Elementary statistics for all traits are reported in Table 2. For the performance traits, the D+ birds showed 33.3% greater AMEn. The FCR and RFI were consistently greater for D+ than for D- birds. The CDU-DM was 28.2% greater in D+ than in D- birds.

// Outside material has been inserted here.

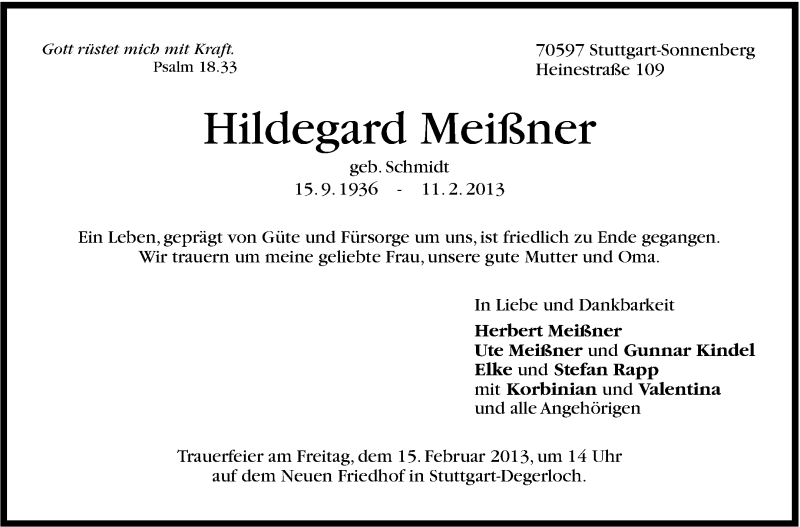Hier finden Sie alle Traueranzeigen aus der Zeitung, die bisher für Hildegard Meißner erschienen sind. Weitere Traueranzeigen, die in der Zeitung erscheinen, werden hier ebenfalls aufgelistet

Finally, nitrogen and phosphorus intake and excretion were lower for the D+ line (−20.9% and −20.7% for nitrogen and phosphorus intake and −48.4% and −36.7% for nitrogen and phosphorus excretion, respectively). The excretion rates were thus 34.9 and 18.9% lower in D+ than in D- for nitrogen and phosphorus, respectively.

View Full Table | Close Full ViewTable 2.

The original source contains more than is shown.